The ability to 3D print metal alloys that lack crystalline structure, also known as amorphous metal or metallic glass, could open the door to a variety of applications: electric motors with higher efficiency, materials with higher strength and better wear-resistance, structures with lighter weight. It's something researchers have been working on for more than a decade.

Because making metallic glass requires rapid cooling in order to keep a crystalline structure from forming, it has been possible thus far only to cast metallic glasses into small thicknesses. But researchers at North Carolina State University have demonstrated the ability to transcend that limitation, also known as an alloy's "critical casting thickness," through an innovative additive manufacturing technique.

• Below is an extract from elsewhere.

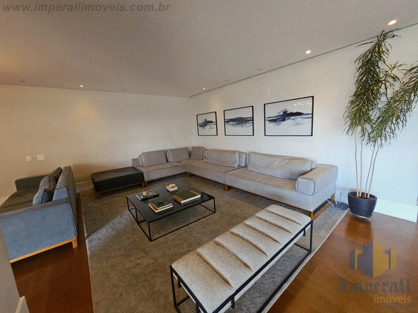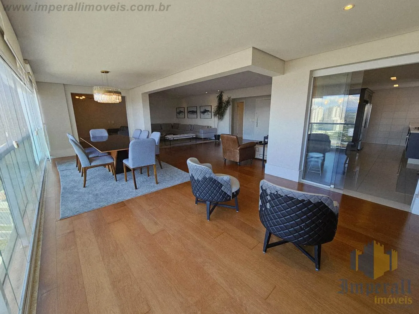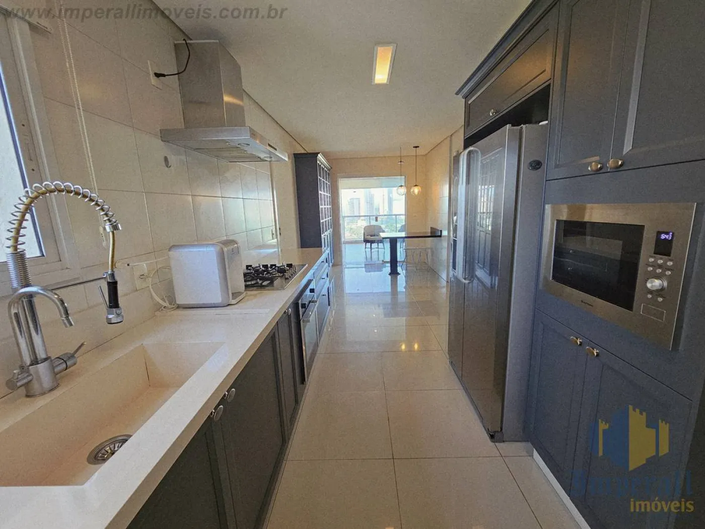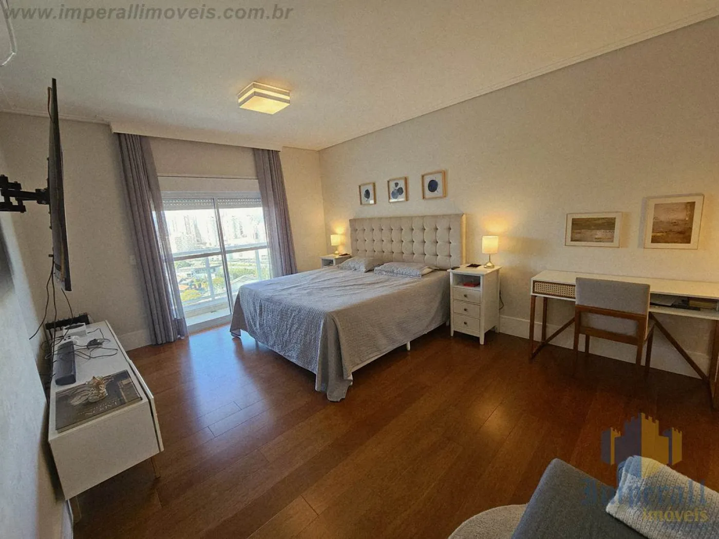 Sala amplíssima com sacada estendida e fechamento em cortina de vidro. Piso de madeira da conceituada Triângulo que adiciona elegância e conforto térmico ao ambiente. Biblioteca junto à lareira com TV, contando com o refinamento da marcenaria Florense sob medida na cor chumbo. Bar com marcenaria Florense sob medida em elegante cor carbono com espelhos bronze, também servindo de aparador em almoços e jantares. A churrasqueira foi retirada, sendo totalmente reversível (exaustão fechada com gesso). Mesa de jantar com 8 lugares em cristal e madeira, da marca BRETON. Sofá em L com 10 lugares todo em módulos com pufe de couro preto, também da marca BRETON. Tapetes sob medida da Mobile Top Prime. Lustres da biblioteca, sala de jantar (cristal) e hall (cristal) da tradicional Lustreco (SP). Hall privativo com espelhos bronze bisotados, fechadura eletrônica e elevador com senha para maior segurança. Cozinha ampla com marcenaria Florense na cor chumbo e bancada em Silestone Cosentino. Eletrodomésticos Elettromec (forno elétrico com convecção, cooktop e microondas). Suíte do casal amplíssima com closet Florense (uma suíte foi transformada em closet, sendo totalmente reversível). Área de serviço com armários. Despensa com prateleiras. Hobby box amplo com prateleiras.

The technique works by applying a laser to a layer of metal powder, melting it into a thin solid layer just 20 microns thick. The printer's build platform then descends 20 microns, spreads more powder onto the surface and repeats. The alloy is thus formed little by little, cooling quickly and retaining its amorphous qualities. The end result is an object made of solid metallic glass.

"The idea of using additive manufacturing, or 3-D printing, to produce metallic glass on scales larger than the critical casting thickness has been around for more than a decade," says Zaynab Mahbooba, first author of a paper on the work and a Ph.D. student in NC State's materials science and engineering department. "But this is the first published work demonstrating that we can actually do it. We were able to produce an amorphous iron alloy on a scale 15 times larger than its critical casting thickness."

"This is a proof-of-concept demonstrating that we can do this," adds Ola Harrysson, a corresponding author of the research who serves as a professor of industrial systems and engineering at NC State. "And there is no reason this technique could not be used to produce any amorphous alloy… because we're talking about additive manufacturing, we can produce these metallic glasses in a variety of complex geometries -- which may also contribute to their usefulness in various applications."

The research is published in the journal Applied Materials Today.